> WHAT IS NEEDED: Please retype the listing below exactly, from its opening line through the line where "This page presents" appears.

> DATA LISTING:
┄┄┄┄┄┄┄┄┄┄
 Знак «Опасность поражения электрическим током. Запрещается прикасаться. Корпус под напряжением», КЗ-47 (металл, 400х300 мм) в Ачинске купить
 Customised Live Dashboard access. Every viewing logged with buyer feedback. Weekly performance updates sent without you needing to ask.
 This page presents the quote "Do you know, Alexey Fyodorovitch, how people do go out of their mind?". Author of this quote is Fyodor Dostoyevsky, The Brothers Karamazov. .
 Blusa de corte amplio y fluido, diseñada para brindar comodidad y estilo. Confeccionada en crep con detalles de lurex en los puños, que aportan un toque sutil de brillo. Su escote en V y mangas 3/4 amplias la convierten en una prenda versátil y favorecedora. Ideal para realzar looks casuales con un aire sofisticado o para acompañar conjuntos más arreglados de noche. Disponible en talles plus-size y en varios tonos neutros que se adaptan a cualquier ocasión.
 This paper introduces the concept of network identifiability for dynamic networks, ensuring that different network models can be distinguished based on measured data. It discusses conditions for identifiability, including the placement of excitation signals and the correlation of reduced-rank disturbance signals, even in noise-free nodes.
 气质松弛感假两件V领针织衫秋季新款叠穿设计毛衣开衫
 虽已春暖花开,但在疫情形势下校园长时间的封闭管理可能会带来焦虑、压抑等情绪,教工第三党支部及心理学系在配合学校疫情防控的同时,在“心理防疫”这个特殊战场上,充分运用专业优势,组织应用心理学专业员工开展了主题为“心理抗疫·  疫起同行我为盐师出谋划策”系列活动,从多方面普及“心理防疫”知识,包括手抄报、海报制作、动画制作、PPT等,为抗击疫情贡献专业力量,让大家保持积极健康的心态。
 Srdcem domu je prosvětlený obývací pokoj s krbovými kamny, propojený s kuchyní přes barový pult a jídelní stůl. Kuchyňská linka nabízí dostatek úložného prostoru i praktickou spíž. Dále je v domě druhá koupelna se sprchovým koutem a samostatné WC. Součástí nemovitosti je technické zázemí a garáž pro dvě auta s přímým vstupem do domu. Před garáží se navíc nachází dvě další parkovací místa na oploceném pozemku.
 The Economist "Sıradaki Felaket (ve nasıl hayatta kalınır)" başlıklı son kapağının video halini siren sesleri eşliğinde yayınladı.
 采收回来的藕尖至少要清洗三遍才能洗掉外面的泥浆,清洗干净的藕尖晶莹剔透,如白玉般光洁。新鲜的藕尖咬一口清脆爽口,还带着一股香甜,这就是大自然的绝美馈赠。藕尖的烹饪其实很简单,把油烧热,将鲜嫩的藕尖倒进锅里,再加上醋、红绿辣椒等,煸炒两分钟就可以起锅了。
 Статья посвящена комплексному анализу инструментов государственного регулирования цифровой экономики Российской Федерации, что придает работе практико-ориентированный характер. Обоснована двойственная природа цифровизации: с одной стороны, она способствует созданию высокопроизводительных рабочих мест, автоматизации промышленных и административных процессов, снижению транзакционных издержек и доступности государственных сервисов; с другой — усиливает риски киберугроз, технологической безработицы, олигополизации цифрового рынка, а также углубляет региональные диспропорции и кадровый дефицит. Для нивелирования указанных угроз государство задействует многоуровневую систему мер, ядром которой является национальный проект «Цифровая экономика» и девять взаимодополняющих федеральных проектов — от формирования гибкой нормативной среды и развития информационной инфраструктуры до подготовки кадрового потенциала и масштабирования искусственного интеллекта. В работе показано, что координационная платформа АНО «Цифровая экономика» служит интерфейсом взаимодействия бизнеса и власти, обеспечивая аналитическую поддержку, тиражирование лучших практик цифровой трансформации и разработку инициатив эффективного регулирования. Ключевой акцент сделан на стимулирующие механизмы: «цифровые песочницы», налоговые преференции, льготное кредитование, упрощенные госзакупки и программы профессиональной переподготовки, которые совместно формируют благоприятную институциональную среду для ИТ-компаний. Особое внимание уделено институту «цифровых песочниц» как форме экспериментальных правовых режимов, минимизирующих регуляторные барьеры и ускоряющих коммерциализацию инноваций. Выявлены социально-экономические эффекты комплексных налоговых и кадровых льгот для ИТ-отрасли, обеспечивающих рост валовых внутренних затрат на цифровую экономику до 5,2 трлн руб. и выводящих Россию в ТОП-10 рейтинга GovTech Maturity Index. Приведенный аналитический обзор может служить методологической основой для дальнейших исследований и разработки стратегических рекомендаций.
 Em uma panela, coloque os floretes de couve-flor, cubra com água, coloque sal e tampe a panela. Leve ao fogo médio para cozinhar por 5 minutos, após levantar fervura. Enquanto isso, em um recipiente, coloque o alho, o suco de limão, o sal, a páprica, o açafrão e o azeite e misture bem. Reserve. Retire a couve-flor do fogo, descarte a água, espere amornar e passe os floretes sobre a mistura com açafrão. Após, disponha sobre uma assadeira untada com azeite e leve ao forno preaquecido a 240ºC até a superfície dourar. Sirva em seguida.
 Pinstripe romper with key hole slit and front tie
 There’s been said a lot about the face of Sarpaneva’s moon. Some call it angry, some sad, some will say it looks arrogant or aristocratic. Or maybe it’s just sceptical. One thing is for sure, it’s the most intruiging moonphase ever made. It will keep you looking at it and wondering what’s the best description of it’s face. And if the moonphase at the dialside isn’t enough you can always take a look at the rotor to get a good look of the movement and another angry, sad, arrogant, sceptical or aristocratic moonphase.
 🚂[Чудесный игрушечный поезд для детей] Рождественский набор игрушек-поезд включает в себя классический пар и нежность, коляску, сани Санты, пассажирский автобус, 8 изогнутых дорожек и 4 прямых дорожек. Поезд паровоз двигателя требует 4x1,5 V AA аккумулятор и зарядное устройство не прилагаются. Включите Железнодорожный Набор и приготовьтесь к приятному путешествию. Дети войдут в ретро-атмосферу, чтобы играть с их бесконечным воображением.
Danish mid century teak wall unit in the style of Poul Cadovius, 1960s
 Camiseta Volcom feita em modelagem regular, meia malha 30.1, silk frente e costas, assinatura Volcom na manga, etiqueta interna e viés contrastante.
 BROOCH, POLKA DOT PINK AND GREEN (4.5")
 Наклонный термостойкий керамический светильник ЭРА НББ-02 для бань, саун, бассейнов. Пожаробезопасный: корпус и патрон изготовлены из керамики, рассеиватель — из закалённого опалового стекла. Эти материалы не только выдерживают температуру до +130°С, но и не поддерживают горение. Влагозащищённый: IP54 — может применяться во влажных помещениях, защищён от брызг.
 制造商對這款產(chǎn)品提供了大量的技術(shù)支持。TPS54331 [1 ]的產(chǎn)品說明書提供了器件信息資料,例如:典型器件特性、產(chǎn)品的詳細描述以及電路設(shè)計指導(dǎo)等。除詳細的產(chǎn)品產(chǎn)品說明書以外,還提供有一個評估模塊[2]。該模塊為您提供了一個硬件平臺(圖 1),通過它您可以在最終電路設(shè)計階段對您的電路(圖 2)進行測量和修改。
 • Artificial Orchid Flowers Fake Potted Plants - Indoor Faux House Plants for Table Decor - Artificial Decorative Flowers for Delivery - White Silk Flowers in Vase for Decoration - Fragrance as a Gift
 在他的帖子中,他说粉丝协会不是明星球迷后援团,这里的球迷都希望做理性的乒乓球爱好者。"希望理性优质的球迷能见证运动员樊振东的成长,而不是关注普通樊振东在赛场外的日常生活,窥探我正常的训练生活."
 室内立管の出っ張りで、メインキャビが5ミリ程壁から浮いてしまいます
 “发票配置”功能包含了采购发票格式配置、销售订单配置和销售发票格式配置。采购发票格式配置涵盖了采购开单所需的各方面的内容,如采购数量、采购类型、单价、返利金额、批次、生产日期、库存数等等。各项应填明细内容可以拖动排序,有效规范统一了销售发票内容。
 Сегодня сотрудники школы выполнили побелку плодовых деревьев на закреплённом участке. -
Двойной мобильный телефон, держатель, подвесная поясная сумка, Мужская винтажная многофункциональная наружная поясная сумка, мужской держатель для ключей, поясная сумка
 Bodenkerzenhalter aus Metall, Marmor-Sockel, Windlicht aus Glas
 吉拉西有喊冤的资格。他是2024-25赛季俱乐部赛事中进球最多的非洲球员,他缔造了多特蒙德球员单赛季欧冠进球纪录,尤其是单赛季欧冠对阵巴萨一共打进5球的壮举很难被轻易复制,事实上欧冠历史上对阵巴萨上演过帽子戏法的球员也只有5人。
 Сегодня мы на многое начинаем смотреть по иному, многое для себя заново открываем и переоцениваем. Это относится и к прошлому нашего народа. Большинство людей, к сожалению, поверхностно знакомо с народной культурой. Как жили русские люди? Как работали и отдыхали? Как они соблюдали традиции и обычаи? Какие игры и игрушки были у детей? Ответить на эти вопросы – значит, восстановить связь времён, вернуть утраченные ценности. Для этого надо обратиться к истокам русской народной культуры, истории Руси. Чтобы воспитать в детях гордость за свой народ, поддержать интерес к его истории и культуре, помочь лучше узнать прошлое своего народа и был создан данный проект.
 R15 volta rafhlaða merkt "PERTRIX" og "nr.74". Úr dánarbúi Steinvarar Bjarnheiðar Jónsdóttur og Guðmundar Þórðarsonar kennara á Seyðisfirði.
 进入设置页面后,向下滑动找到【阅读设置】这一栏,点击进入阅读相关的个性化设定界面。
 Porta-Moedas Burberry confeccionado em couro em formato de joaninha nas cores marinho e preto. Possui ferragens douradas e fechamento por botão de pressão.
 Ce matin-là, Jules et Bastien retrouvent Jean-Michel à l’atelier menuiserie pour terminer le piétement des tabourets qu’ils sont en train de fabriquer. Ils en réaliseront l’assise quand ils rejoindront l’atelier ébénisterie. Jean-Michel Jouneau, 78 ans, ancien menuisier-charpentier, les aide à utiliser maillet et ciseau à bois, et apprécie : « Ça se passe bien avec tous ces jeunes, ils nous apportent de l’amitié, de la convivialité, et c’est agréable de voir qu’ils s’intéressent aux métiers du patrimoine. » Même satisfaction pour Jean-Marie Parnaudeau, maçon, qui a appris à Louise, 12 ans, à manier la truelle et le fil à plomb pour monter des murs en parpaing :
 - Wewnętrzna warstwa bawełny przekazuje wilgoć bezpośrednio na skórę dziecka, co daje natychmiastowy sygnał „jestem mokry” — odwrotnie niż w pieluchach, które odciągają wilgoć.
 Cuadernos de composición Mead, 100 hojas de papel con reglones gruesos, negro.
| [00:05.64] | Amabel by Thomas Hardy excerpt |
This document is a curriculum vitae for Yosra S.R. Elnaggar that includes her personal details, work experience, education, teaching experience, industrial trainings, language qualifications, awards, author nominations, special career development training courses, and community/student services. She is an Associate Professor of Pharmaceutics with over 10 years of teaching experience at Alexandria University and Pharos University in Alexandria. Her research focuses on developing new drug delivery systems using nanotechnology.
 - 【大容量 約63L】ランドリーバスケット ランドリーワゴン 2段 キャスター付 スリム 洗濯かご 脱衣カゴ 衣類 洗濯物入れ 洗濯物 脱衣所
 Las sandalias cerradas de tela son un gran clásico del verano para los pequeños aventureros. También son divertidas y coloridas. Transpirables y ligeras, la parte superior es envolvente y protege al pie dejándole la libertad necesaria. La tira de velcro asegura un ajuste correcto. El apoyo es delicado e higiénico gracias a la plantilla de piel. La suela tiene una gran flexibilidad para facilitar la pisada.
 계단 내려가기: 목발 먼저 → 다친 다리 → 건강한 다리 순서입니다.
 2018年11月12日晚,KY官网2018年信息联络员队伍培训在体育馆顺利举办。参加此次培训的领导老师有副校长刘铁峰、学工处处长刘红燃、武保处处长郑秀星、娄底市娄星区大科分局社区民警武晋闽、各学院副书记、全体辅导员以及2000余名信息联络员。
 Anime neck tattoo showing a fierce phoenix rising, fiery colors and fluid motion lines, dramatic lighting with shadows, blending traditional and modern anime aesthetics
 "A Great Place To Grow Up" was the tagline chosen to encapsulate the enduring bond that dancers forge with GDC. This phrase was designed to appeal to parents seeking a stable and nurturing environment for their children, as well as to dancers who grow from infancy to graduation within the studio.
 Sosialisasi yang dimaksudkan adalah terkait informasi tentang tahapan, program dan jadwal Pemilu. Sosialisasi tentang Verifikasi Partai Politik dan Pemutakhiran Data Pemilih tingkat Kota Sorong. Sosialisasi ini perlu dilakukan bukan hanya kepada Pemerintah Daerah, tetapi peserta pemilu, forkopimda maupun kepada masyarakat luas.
┄┄┄┄┄┄┄┄┄┄
> RESPONSE:
 Знак «Опасность поражения электрическим током. Запрещается прикасаться. Корпус под напряжением», КЗ-47 (металл, 400х300 мм) в Ачинске купить
 Customised Live Dashboard access. Every viewing logged with buyer feedback. Weekly performance updates sent without you needing to ask.
 This page presents the quote "Do you know, Alexey Fyodorovitch, how people do go out of their mind?". Author of this quote is Fyodor Dostoyevsky, The Brothers Karamazov. .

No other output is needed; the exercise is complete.